Longevity Coatings has invested in advanced HVAF (High-Velocity Air-Fuel) technology, a cutting-edge thermal spray process that enables us to apply carbide coatings with exceptional hardness, wear resistance, and durability surpassing traditional methods. This innovative equipment empowers us to deliver industry-leading coatings, ensuring superior protection for critical components in the toughest environments.
High-Velocity Air-Fuel (HVAF) coatings offer a range of benefits that make them a compelling alternative to traditional coating methods, particularly in demanding industrial applications. Unlike HVOF (High-Velocity Oxy-Fuel), HVAF uses compressed air instead of oxygen, resulting in a cooler process that minimizes oxidation and thermal degradation of the coating material. This leads to denser, smoother coatings with improved corrosion and wear resistance, making them highly effective for protecting components in industries such as aerospace, energy, and manufacturing. HVAF coatings also achieve excellent bond strength and lower porosity, enhancing durability and reducing the need for frequent repairs or replacements. Additionally, the process is more cost-effective and environmentally friendly due to reduced fuel consumption and the ability to apply thinner, high-quality layers. Carbide coatings of 0.010–0.050 inches are typical, though very fine feedstock can be used to produce smooth, hard, as-sprayed, or lightly polished coatings with a surface finish as fine as 50 Ra. With the flexibility to use materials such as carbides or metals, HVAF coatings provide tailored solutions that optimize performance and extend the service life of critical equipment.
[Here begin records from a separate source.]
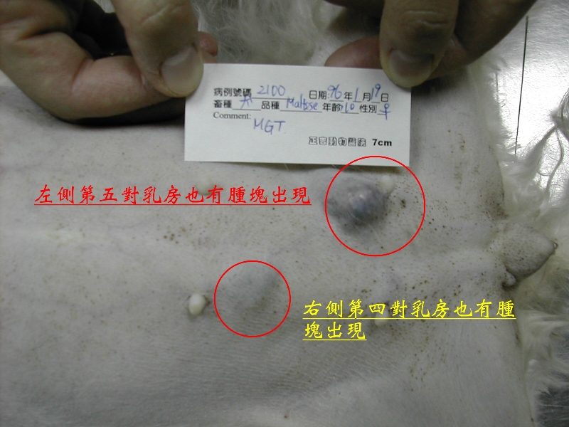 曾於其他動物醫院接受乳腺腫瘤切除手術,兩個月內又發現有數個腫塊,且有疼痛現象...
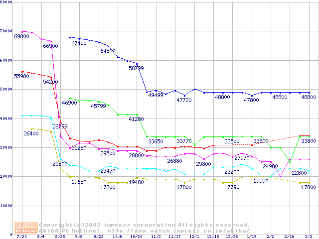 | [↓次グラフ]: | Socket 603 (micro-PGA,L2 512KB,Hyper-Threading,Prestonia)の最安値推移 |
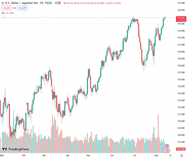 The USDJPY currency pair, trading at a level of 144.878, ends its four-day upward trend as the bullish investors pause at the year-to-date high mark.
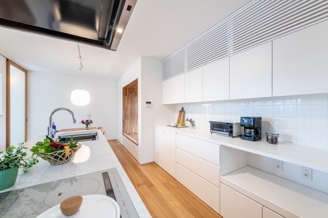 アイランドキッチンと白い造作食器棚
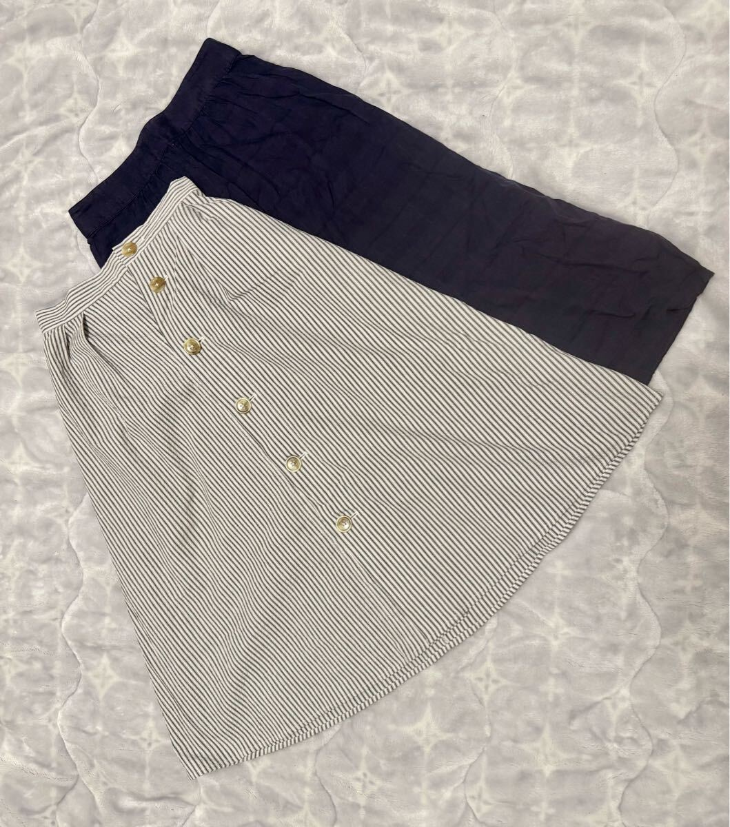 - gap GU 2枚セット XS S ストライプ ネイビー 紺色 コットン シアサッカーフレアスカート フロントボタン Aライン

The hardness of tungsten carbide coatings applied via High-Velocity Air-Fuel (HVAF) versus High-Velocity Oxy-Fuel (HVOF) showcases distinct differences due to the processes’ thermal characteristics. HVAF coatings typically achieve higher hardness levels, often exceeding 1250–1500 Vickers (HV300), compared to HVOF coatings, which generally range between 1000–1300 HV300, depending on specific parameters and materials used. This advantage stems from HVAF’s lower operating temperatures, which minimize oxidation and decarburization of tungsten carbide particles during spraying, preserving their inherent hardness and crystalline structure. In contrast, HVOF’s higher flame temperatures can cause slight thermal degradation, reducing the carbide’s hardness by forming softer phases like W₂C or metallic binder enrichment. Most HVOF coatings contain 2–4% oxygen in the form of glassy phases. With HVAF, the flame consumes nearly all available O₂ in the mix, virtually eliminating oxygen from the resulting coating. This has a dramatic effect on a carbide coating’s ability to withstand impact and flexure. As a result, HVAF-applied tungsten carbide coatings offer superior resistance to wear and abrasion, making them particularly valuable for applications like oilfield parts, where maximum hardness translates directly to enhanced durability and performance under extreme conditions.